* Information
# # # #
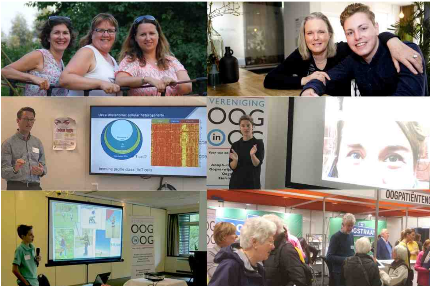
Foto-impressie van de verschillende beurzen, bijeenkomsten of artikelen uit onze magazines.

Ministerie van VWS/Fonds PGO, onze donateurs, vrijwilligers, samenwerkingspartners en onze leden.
# # # #
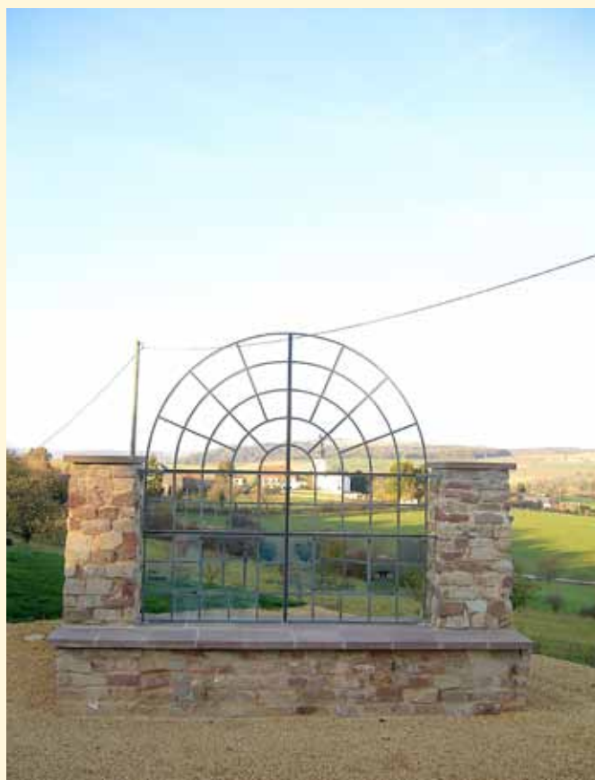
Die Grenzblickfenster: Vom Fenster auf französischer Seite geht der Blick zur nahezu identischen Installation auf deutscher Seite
# # # #
* Work item
In the records above, some lines hold the word "onze"; copy each such line.

* Task answer
Foto-impressie van de verschillende beurzen, bijeenkomsten of artikelen uit onze magazines.
Ministerie van VWS/Fonds PGO, onze donateurs, vrijwilligers, samenwerkingspartners en onze leden.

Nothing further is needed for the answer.